Something Absolutely New - Colossians 1:18
Well, scientists have studied the human brain, and through experiments using MRI technology they believe they can now prove that people like new things.
Really. Not exactly groundbreaking information, is it? Advertisers have obviously known this for years! We like new things and how they make us feel. Kids, don’t you like that feeling when you get something new? Grown-ups like it, too.
Think of whatever you enjoy, or whatever you find useful or entertaining, and there’s just something about getting a new one.
That’s not to say we don’t like old things. I have a pair of jeans that I love to wear. I’ve had them for many years; they’re my “go-to” pair. So naturally I was disappointed last week when I realized, while at the soccer field, that they were split in the seat. I didn’t know; I don’t examine my pants before I put them on!
Those jeans are now retired, but at one time, they were new. That’s the thing about new stuff; it never stays new. Newness fades. But something about newness satisfies us, and now there’s science to back it up.
However, the Scriptures of the Old and New Testaments have been telling us this for ages. The OT prophet Isaiah spoke of new heavens and a new earth that will be made by God. The apostle Peter is just one of the disciples of Jesus who writes about those things in the NT.
We’ve been preaching through the first book of the Bible, the book of Genesis, and it begins with these words: “In the beginning, God created the heavens and the earth.” “Heavens” refers to the skies and outer space. So “the heavens and the earth” basically means “the universe and everything in it.” Why would God need to make new ones, replacing or restoring what we already have?
Well, we know that the world is a beautiful place, but also, a cruel place with evil, troubles, suffering and death, all the result of sin. And so the prophets of God spoke about a new universe to come, one without the presence of sin.
God gave a vision of that new universe to the apostle John. In the last book of the Bible, the book of Revelation, the apostle John described what God showed him, and he wrote that at the end of time as we know it, God will make “a new heaven and a new earth, for the first heaven and the first earth had passed away.” John goes on to say that he heard a loud voice from God’s throne saying, “He will wipe away every tear from their eyes, and death shall be no more, neither shall there be mourning, nor crying, nor pain anymore, for the former things have passed away. And he who was seated on the throne said, “See, I am making all things new.”

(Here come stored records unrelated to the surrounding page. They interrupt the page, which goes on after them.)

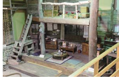
「北の国から」石の家 撮影セット(夜間撮影用) 1995年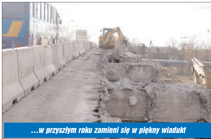
...w przyszłym roku zamieni się w piękny wiadukt

Choć historia budowy naszego długo wyczekiwanego wiaduktu brzmi jak klasyka horroru czy senny koszmar każdego inwestora, skończyła się zupełnie jak w bajce – happy endem. Prace się rozpoczęły i idą pełną parą. Cała inwestycja będzie kosztować 63,5 mln zł. Roboty zaplanowano na lata 2007 – 2009. Prawdopodobnie już w przyszłym roku pojedziemy nowym wiaduktem – stary trafi w ręce drogowców. Miejmy nadzieję, że ta inwestycja wyczerpała już przysługujący jej limit przeciwności i wszelakich kataklizmów, i że bez problemów zostanie doprowadzona do rychłego końca. Czego Państwu i sobie życzymy. ■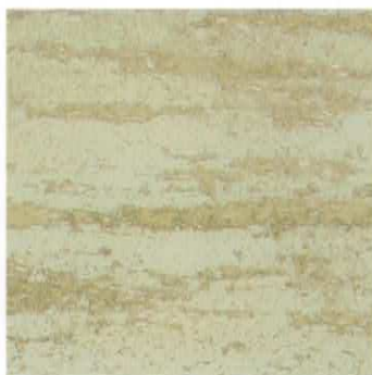
Ref. VT 3027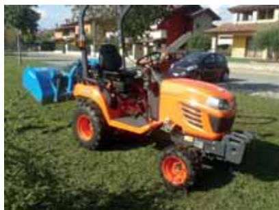
Trattorino taglia erba e spazzaneve per marciapiedi.

Come sempre, cercando di agire secondo giusti criteri e nel puntuale rispetto delle norme, oltre a quanto descritto, verrà fatto quanto essenziale per intervenire laddove necessario, con una linea di indirizzo orientata a definire e caratterizzare sempre più il nostro comune sia come "struttura" efficiente e capace, che come luogo contraddistinto dalla buona vivibilità.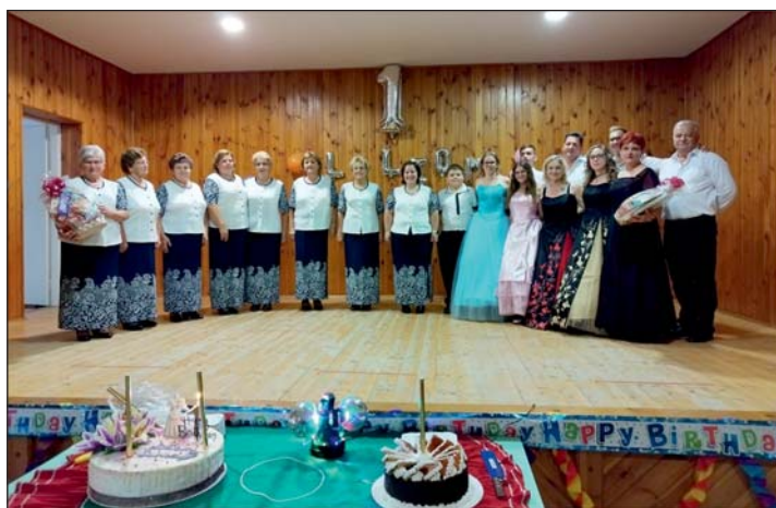
A képen balról jobbra: Fürge Ujjak Népdalkör és LiliumDance Táncsoport.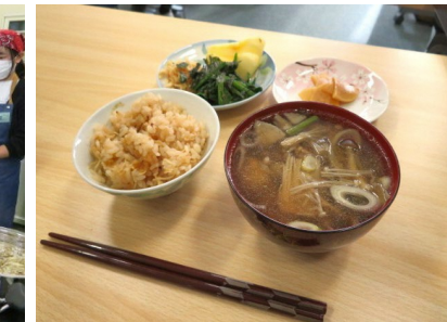
「やまば流 エコ楽クッキング」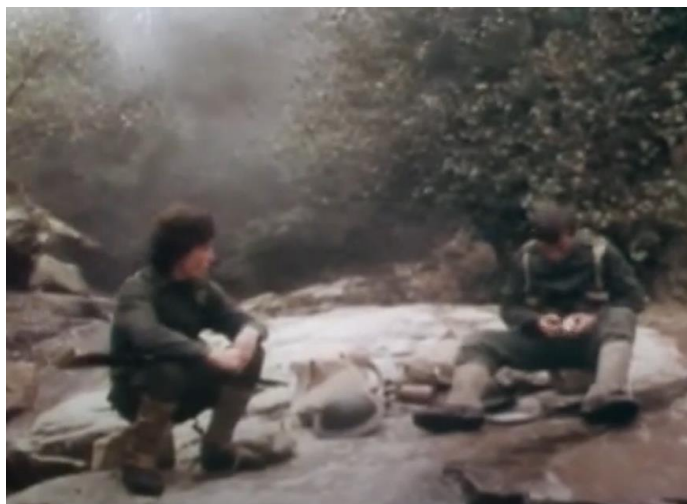
Fig. 3: Soldados comem perto de um riacho

A Marche triomphale du diable corresponde à última parte da obra de Ramuz e Stravinsky. Assim, a primeira e última cenas da obra músico-teatral correspondem à primeira e última cenas do filme de Monteiro (lembramos que a Marche du soldat se ouve três vezes na peça, uma delas, na primeira cena). A marcha do final da peça representa um triunfo do diabo sobre o soldado que, mesmo depois de se casar com a princesa, não consegue deixar de ambicionar o que não pode alcançar. No filme, não há referência a este triunfo do mal sobre o bem. No entanto, a música pode representar essa visão pouco otimista sobre os valores morais da sociedade. No mais, e talvez mais relevante neste caso, temos, novamente, uma marcha pouco usual, não condizente com a grandeza bélica normalmente associada ao retrato cinematográfico do poder militar.

Apparently God likes new things, and being made in God’s image, so do we. In fact, we long for something new, for what is decaying to be restored. The more we see in this world, the more we yearn for things to be “made new.” The longing intensifies with suffering and with age.
The Scriptures teach that only through the resurrection of Jesus Christ was a pathway made to something that will never lose its newness. It’s a doorway to freedom from sin. If the resurrection of Jesus opened that door, shouldn’t we walk through?

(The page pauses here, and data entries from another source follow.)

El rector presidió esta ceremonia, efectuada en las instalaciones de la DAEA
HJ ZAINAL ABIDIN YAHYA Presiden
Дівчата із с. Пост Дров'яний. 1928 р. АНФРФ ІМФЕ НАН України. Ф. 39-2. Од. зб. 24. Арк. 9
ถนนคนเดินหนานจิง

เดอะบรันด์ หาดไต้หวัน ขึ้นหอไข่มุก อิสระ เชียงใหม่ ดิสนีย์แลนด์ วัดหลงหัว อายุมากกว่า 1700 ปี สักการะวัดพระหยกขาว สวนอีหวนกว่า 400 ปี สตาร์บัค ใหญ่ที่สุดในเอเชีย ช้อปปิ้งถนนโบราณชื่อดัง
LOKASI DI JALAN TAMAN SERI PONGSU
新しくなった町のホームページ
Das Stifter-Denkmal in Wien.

But how did Jesus’ resurrection open the way? These words printed for you at the top of page 6 in the WG answer that question. Some explanation is necessary; I’ll do my best. This verse from Colossians begins with the words, “And he is the head of the body, the church.” But for our time today, we are going to focus on these three, short groups of words about Jesus: “He is the beginning, the firstborn from the dead, that in everything he might be preeminent.” And my friends, this is God’s holy and powerful Word; may He write His eternal truth on each of our hearts.
First of all, “He is the beginning.” Notice that this sounds like the words I read from Genesis 1. In the beginning, God began to make the present heavens and earth. All of it was affected by sin, and though Jesus Christ did not sin, he did take upon himself a body like ours so that death, which is produced by sin, could affect him.
When Jesus rose from the dead, he was no longer affected by sin in any way. His resurrection was not simply His dead body brought to life again. Bible scholar George Eldon Ladd describes the resurrected body of Jesus as “the emergence of a new order of life.” Ladd calls it “something utterly new,”something absolutely new. Jesus rose to immortality. In that way, He was no longer of this world. He was now of that world to come.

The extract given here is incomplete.